Expensive Site Makes Sense For Lanxess | May 20, 2013 Issue - Vol. 91 Issue 20 | Chemical & Engineering News
Volume 91 Issue 20 | p. 23
Issue Date: May 20, 2013

Expensive Site Makes Sense For Lanxess

German firm chooses Hong Kong for regional engineering plastics testing unit
Department: Business
Keywords: engineering plastics, cars, Germany, Lanxess, Hong Kong

In Hong Kong, one of the world’s most expensive cities, chemical firm Lanxess has opened a facility for testing car parts made with its engineering plastics. The center supports automakers and their parts suppliers throughout Asia—from Japan to India.

The choice of Hong Kong is surprising. Chemical companies generally locate their technical support centers near their customers’ operations. However, Hong Kong has no auto industry, and other manufacturers decamped long ago to mainland China, where costs are lower. Earlier this year, the real estate consulting firm Savills ranked Hong Kong as the world’s most expensive place to locate a business.

And yet, Lanxess officials argue that the location makes sense. At a media briefing last month marking the opening of the technical center, Lanxess officials noted that Hong Kong is a regional hub that’s easily accessible from almost any major city in Asia. “There is excellent logistics here,” said Thomas Babl, the firm’s head of technical marketing and engineering services for high-performance materials in Asia.

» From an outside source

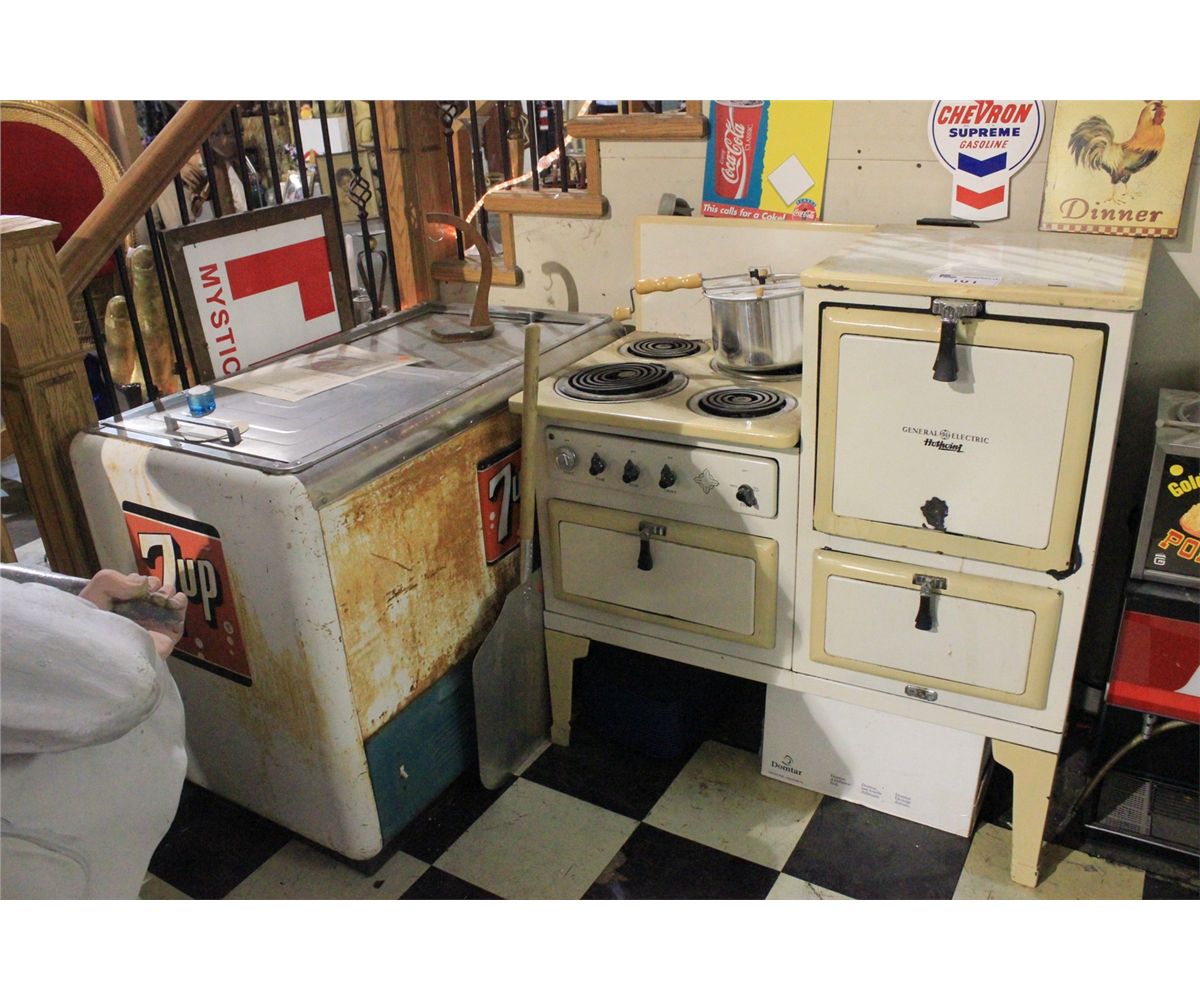 7UP CHEST COOLER, GE ANTIQUE HOTPOINT STOVE, & ASSORTED KITCHEN WARES
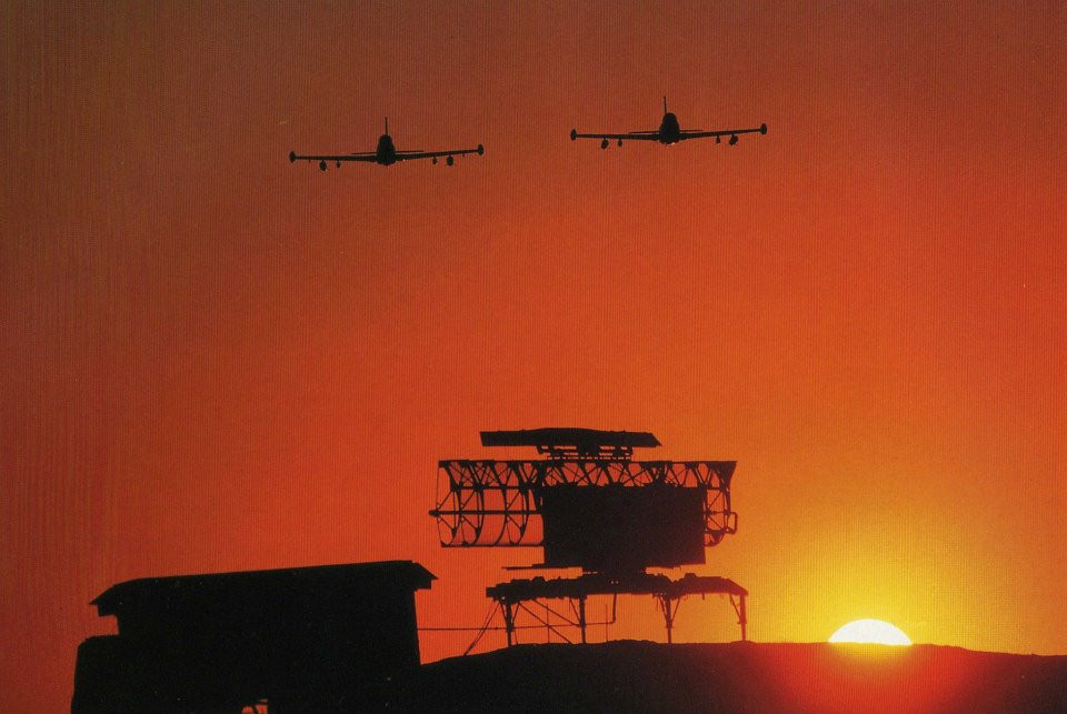At the going down of the sun, an amazing photo of two South African Air Force Impala Mk II jets over a radar unit at Air Force Base Ondangwa,.

Other Lanxess officials pointed out that Hong Kong is neutral ground for fiercely competitive car manufacturers. Japanese firms would likely hesitate to ship their prototype parts for testing in, say, South Korea. “Rather than have technical centers in all the Asian countries, we chose to set up one regional one in Hong Kong,” said Christof Krogmann, Lanxess vice president for high-performance materials in Asia. The firm spent a few million dollars on the center.

Lanxess is not the only chemical maker to view Hong Kong in a favorable light. Both Dow Chemical and BASF use Hong Kong as their Asian headquarters. In June 2011, BASF stated that the city is an “ideal base to direct growth throughout the region” when it renewed its lease on several floors of prime office space in the city’s financial district. The company employs more than 700 people in Hong Kong.

Early last year, BASF relocated its global headquarters for dispersions and pigments to Hong Kong, a decision that involved moving 50 employees from Germany. But Dow and BASF don’t produce anything in Hong Kong, nor do they run labs there.

Located north of the city center in the government-subsidized Hong Kong Science & Technology Park, Lanxess’ new facility will evaluate the reliability and performance of car parts made with Lanxess engineering plastics. The materials include Durethan nylon, Pocan semicrystalline thermoplastic polyester, and Tepex composite laminate, a business that became part of Lanxess last September when it acquired Germany’s Bond-Laminates. Lanxess’ Asian plants for the plastics are in Wuxi, China, and Jhagadia, India.

The Hong Kong facility is fitted with machinery that tests how prototype car parts react to vibrations, extreme temperatures, physical pressure, exposure to chemicals, and other stresses. Scientists and engineers at the center also design new car parts and conduct computer simulations of their performance. When the facility is fully operating, it will employ about 30 people.

Before the Hong Kong center opened, Lanxess supported Asian car manufacturers out of Germany. Although the new facility is in a city with no car industry, Babl said it will put Lanxess much closer to the customers that need it.